- [PROBLEM STATEMENT] Report each line of the data that includes the word "pour".

- [DATA PROVIDED]

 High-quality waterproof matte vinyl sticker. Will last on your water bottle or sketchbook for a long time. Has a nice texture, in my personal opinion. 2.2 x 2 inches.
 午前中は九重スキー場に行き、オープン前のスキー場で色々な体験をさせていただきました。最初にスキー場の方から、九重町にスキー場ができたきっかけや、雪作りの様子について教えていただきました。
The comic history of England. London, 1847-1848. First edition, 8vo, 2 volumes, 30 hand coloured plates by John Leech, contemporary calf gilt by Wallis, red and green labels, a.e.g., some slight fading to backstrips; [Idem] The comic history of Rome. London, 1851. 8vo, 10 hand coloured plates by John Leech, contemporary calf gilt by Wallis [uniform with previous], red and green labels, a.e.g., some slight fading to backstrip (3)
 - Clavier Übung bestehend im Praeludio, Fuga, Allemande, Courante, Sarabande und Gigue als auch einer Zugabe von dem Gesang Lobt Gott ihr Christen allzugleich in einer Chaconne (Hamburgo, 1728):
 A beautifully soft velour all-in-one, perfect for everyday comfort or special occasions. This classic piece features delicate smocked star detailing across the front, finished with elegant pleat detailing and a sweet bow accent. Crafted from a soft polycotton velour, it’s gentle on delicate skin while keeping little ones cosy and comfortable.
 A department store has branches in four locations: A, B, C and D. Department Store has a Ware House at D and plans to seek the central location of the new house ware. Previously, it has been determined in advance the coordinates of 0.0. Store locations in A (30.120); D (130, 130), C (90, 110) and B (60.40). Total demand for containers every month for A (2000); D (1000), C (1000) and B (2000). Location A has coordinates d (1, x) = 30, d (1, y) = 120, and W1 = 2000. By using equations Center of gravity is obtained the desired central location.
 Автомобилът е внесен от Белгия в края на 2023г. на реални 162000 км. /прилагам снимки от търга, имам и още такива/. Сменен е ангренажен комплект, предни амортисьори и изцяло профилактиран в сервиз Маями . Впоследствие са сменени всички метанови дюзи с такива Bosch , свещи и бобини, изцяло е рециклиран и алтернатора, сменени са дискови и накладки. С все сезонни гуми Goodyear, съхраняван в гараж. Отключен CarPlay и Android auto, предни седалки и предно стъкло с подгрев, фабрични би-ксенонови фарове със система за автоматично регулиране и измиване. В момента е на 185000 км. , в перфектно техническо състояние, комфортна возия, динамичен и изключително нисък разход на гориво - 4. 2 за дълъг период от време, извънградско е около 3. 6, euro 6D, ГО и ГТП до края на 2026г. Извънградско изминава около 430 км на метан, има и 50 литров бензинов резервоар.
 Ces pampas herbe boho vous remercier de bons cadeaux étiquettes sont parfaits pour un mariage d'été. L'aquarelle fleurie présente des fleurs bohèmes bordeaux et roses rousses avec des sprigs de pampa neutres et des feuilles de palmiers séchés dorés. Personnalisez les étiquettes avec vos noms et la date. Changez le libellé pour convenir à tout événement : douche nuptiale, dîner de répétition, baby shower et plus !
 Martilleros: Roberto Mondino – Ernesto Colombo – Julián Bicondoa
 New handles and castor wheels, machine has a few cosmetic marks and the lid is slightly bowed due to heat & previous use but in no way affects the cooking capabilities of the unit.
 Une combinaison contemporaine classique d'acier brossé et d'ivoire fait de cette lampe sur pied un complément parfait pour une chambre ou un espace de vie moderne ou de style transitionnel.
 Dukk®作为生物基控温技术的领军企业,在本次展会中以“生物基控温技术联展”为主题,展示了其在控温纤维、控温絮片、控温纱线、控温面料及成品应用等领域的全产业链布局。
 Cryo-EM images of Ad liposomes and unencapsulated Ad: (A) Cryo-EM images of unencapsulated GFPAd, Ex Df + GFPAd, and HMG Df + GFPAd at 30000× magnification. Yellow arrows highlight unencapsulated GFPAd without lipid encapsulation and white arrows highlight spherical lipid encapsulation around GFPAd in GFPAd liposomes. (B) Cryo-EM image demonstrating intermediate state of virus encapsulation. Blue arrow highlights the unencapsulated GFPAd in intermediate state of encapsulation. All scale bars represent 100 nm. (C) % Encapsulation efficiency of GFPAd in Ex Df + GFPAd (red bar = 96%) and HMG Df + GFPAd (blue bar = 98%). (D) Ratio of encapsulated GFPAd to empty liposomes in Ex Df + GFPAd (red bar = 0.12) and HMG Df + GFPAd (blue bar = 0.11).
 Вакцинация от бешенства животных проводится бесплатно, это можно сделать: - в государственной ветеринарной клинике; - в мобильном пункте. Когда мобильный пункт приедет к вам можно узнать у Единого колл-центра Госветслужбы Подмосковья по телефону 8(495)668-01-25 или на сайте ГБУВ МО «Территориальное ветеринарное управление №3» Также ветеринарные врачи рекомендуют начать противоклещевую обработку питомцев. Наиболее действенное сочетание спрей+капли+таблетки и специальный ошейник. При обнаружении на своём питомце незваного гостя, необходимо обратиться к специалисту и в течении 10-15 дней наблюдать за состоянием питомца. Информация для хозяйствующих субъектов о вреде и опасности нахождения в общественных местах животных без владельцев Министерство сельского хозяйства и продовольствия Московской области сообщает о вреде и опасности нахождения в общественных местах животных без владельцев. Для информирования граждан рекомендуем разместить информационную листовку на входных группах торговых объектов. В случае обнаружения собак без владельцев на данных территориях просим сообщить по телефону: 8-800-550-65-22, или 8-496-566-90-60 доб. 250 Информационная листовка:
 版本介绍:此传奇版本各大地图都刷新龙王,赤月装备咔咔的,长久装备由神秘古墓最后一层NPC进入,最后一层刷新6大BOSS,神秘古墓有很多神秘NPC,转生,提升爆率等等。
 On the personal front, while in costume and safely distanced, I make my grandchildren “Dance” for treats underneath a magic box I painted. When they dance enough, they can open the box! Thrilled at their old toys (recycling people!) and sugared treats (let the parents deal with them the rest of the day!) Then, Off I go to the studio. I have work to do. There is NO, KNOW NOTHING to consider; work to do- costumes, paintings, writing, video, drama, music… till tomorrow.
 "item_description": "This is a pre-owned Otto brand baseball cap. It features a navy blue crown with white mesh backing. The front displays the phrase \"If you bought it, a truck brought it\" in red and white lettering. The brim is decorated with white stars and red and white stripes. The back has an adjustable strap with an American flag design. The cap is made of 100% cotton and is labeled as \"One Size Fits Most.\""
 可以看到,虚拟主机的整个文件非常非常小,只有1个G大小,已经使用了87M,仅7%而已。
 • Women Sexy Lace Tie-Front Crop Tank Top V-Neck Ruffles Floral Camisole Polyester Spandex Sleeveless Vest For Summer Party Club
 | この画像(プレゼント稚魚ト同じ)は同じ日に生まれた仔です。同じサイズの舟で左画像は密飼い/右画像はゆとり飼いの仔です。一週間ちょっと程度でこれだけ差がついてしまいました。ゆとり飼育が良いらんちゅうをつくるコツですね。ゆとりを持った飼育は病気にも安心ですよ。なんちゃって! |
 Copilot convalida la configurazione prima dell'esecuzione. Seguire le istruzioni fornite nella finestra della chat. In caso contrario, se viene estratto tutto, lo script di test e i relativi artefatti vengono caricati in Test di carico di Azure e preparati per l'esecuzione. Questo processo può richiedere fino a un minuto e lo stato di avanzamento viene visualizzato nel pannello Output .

- [EXERCISE SOLUTION]
 Ces pampas herbe boho vous remercier de bons cadeaux étiquettes sont parfaits pour un mariage d'été. L'aquarelle fleurie présente des fleurs bohèmes bordeaux et roses rousses avec des sprigs de pampa neutres et des feuilles de palmiers séchés dorés. Personnalisez les étiquettes avec vos noms et la date. Changez le libellé pour convenir à tout événement : douche nuptiale, dîner de répétition, baby shower et plus !
 Une combinaison contemporaine classique d'acier brossé et d'ivoire fait de cette lampe sur pied un complément parfait pour une chambre ou un espace de vie moderne ou de style transitionnel.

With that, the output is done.